I usually use this instead of my native word when speaking about barbecue:
"parrpakuu". That is the english word turned into Finnish phonetically and also slightly altered. It sounds kinda funny in spoken in this way!


----------



## Persephone

My fav word is a local lingo which means no more: *weeshee*
another would be *tsuk-tsak-tsenes-tsimi-a-a* - which also means whatever.

And chuvaloo which means everything and nothing at the same time.
and chuvaness - which means knick-knacks


----------



## FIRELILY

Narya said:


> My fav word is a local lingo which means no more: *weeshee*
> another would be *tsuk-tsak-tsenes-tsimi-a-a* - which also means whatever.
> 
> And chuvaloo which means everything and nothing at the same time.
> and chuvaness - which means knick-knacks



Please, how do you pronounce the "tsuk-tsak.." word?


----------



## Lantarion

Ireth Telrúnya said:


> I usually use this instead of my native word when speaking about barbecue:
> "parrpakuu". That is the english word turned into Finnish phonetically and also slightly altered. It sounds kinda funny in spoken in this way!


Haha!
"Ja millä kastikkeella?"
"Pistä parrpekjuu."
 
Does Finnish even have its own word for 'barbecue'? The only words that comes to mind are _grilli_ (obviously a loanword) and _ulkopaisto_, which isn't even a real word and sounds dumb.


----------



## Ireth Telrúnya

grillaaminen/grillaus., or like some people say: rillaaminen

Rillaus is a popular Finnish "sport" in summer.

Maybe it comes from english "grill"...what's it in Swedish...I don't remember.


----------



## Lantarion

Ireth Telrúnya said:


> Maybe it comes from english "grill"...what's it in Swedish...I don't remember.


Yeah as I said in the last post it is without the shadow of a doubt a loanword, directly from English or from English through Swedish, where I'm sure the verb would be _grilla_.
So there really is no actually 'Finnish' word for it!


----------



## Ireth Telrúnya

And when you start to think about it, there are quite many loanwords in Finnish, from Swedish and English. 
And for example the western coastline dialect (or what it once used to be) is full of Swedish loanwords. For example: Färski=rotten (food) though in Swedish "färsk" means fresh! Maybe this word reflects ancient Finns' thoughts towards imported Swedish fish..or something...

And from English "e-mail" is "meili" or I say quite usually "maili".
And I go see someone performing live, and say it literally in English with the profer Finnish ending: "Livenä".
Those are not yet approved in the real language, though.

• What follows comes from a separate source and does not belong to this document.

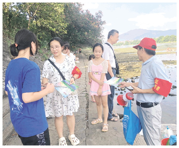 “双报到”党员和志愿者正在江边向居民宣传防溺水。

Oh well, there are lot of words but somehow I can't remember many right now..I should probably go to sleep.


----------



## Lantarion

Yeah there are very many loanwords from Swedish (i.e. from Anglo-Saxon and through English, from Swedish), and from Russian too; but I can't be bothered to think of any now.  
But this is beside the point! Now start inventing words, or I'll have to *detactiliate* you all!!


----------



## Deleted member 3778

_odhn-opzn_ - something old-fashioned/out-of-date that is still used and therefore can be highly confusing... :]


----------



## Helcaraxë

Pordulous: boring (pronounced "por-julus")

Brapple: a rotten fruit (usually an apple  )

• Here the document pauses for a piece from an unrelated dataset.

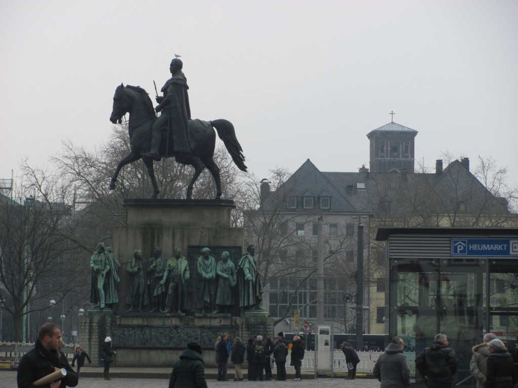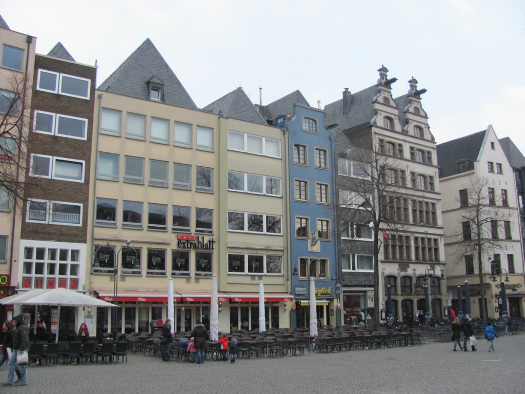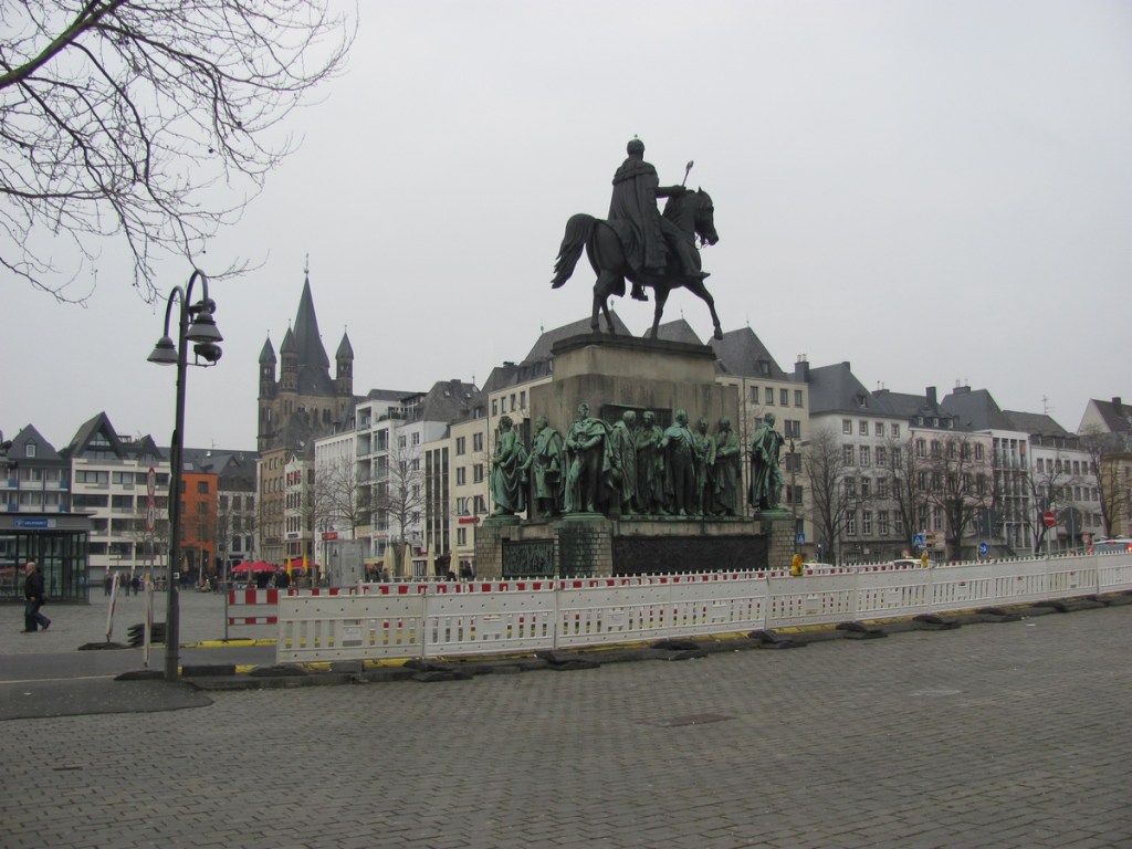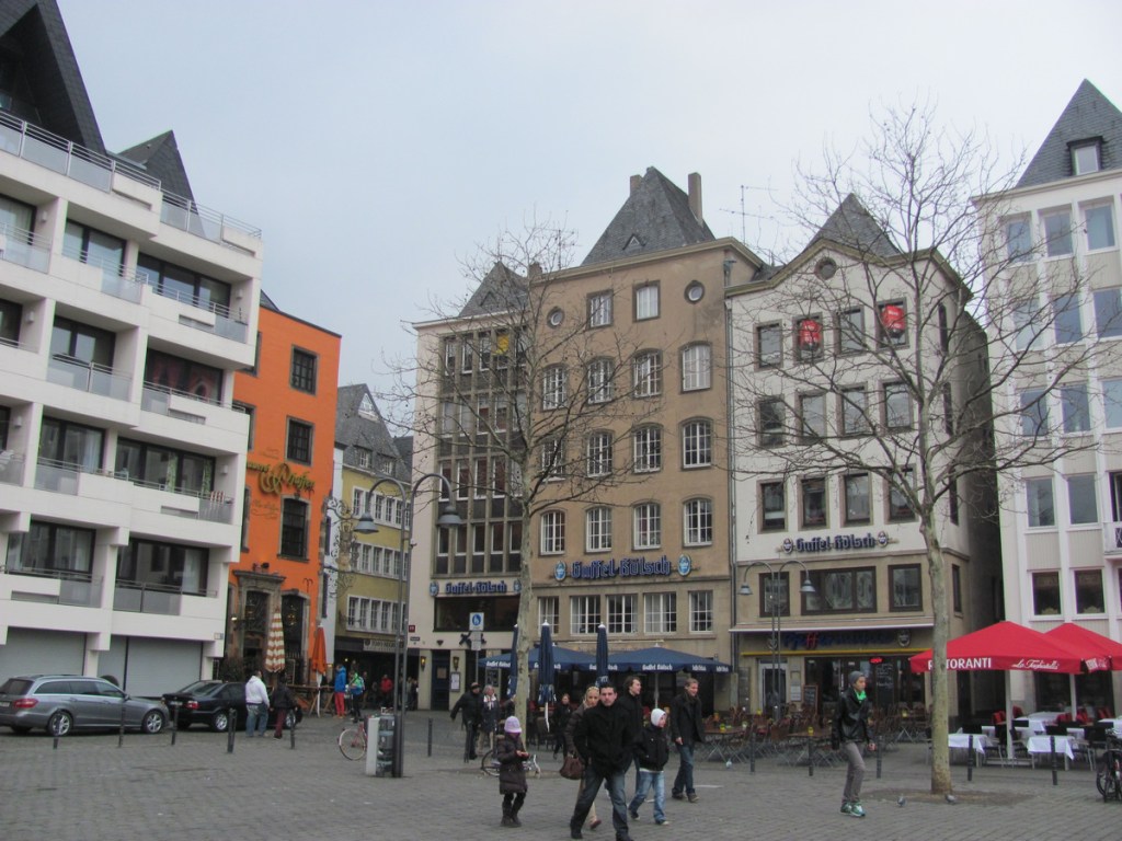 After the museum, our tourist train made a reverse tour of the city to the Cathedral, from where on foot I headed to the old part of Cologne and the beautiful market square with colorful houses and a fountain in the middle. Alter Markt (Old Market Square) was a shopping center in the Middle Ages and a place of execution, today it was turned into a picturesque place with colorful houses and flowers. The fountain in the center is named Jan-vo-Werth and symbolizes the legend of the unhappy love of soldier Jan and the girl Griet. According to the legend, Greet rejected Jan’s love because he was an ordinary farmer. However, when he went to war, he was so brave that he reached the post of general. When he returned to his hometown, he met his former love in this market square and told her, “Griet, if only you had agreed…”, and she replied, “Jan, if only anyone knew…” This legend is often presented at the Carnival in Cologne.

Scumulous: having the consistency of pond-scum

Ar-Pharazonian: arrogant and easily deceived   

Dorplostulous: an object that shatters when dopped...er, fropped, I mean dropped.


----------



## Lantarion

Nice, I think I'll start using _pharazonic_. 

Nontristant : ever-happy
Atorrolism : a fit of rage brought on by lack of beverages
Casantade : a literary term, meaning an onslaught or avalanche of words forming a beautiful and coherent whole


----------